The Saboteur is a little different. There are a few nice touches like being able to move the camera around during cutscenes and the colorizing of districts as you liberate them. I love darting up any building, leaping from rooftop to rooftop. There's something very satisfying about getting the drop on a Nazi soldier, then sprinting across the rooftops to duck into an attic until the coast is clear. It helps quite a bit that Sean seems to be made of Kevlar, letting me take stupid fun risks like brawling hand-to-hand with squads of Nazis armed with machine guns.

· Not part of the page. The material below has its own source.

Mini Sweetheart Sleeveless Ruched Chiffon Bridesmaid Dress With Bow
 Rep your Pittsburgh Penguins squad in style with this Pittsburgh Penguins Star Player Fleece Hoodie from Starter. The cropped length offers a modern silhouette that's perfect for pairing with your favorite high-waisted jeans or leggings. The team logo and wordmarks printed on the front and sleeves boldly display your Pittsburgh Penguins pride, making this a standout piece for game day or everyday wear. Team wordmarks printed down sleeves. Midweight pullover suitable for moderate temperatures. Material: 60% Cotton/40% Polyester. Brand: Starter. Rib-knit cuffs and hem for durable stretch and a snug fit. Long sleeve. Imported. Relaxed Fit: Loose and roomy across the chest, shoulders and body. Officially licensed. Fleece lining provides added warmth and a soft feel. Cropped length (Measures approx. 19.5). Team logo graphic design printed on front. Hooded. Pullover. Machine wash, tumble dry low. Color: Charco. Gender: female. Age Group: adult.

The storyline missions don't take advantage of the running across the rooftops excitment very often. Most are copied to the letter from previous sandbox games - tail person X, chauffeur NPCs around, ditch your tail, etc. They have none of the zaniness of Just Cause 2 missions, but it's hard to get crazier than grappling onto ICBMs while in flight, then blowing them up and parachuting off. When the missions deviate from previous formulas, and use the roof climbing freedom, they can be a lot of fun. Stealing a bottle of booze back from a German officer was a lot of fun, mainly because the game gave you an open ended goal and then got out of the way. They give me enough tools - sneaking, disguises, climbing, melee attacks, explosives - that when the game lets me, I can take my own approach.

The plot is pretty stale, and the characters are dry and forgettable. The crazy accents in Just Cause 2 are at least new stereotypes as opposed to the French and German ones in The Saboteur. But the real character is the setting, and I find it fascinating. It's worth buying the game just to experience occupied Paris. It makes me wish there was more interaction with the everyday people. Random events like watching an innocent civilain being arrested and loaded into a truck, then hijacking said truck and freeing the prisoner are extremely rewarding, and I wish there were more events like that to mix it up.

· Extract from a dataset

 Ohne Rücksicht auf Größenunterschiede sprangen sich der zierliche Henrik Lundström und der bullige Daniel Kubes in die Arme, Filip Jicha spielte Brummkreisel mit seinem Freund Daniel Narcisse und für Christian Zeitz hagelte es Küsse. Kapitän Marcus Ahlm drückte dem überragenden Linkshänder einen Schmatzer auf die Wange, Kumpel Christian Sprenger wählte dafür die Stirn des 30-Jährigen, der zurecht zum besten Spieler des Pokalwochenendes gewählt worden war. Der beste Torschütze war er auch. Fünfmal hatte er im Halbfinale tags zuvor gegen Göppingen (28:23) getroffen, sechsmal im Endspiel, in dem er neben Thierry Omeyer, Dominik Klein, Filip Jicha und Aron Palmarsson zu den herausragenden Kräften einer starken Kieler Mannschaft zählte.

As it stands, the routine of hunting down guard towers to blow up became repetitive after a few hours. The only reliable way of blowing them up seems to be the same stick of dynamite to the base technique, and a little variety to the destruction would be an improvement. Maybe guy wires to destroy, or just more heavily guarded targets? There's not much challenge to blowing them up. Taking out targets in Just Cause 2 or Red Faction: Guerrilla is much more challenging, you usually have to shoot and scoot, not so much in The Saboteur. I think this might be where some of the complaints of dumb AI might come from, because it is too easy to get away with blowing everything up. There has to be some challenge to be interesting. But despite all my complains, I don't understand how little mention this game got. It made me sad that Pandemic is gone now - there's a solid core of a game there that could do with some tweaking, and it isn't the buggy mess that was Mercenaries 2. Some reviewers have mentioned that Assassin's Creed did the parts I liked - the climbing buildings and jumping about - better, so maybe that's why people seemed nonplussed.

Unfortunately, technical difficulties are getting in the way of my enjoyment of The Saboteur. SecureROM is acting up, it only reads my disk when it feels like it, telling me to insert the original disk that is already in the drive. It's been doing the same with Borderlands, and it's frustrating.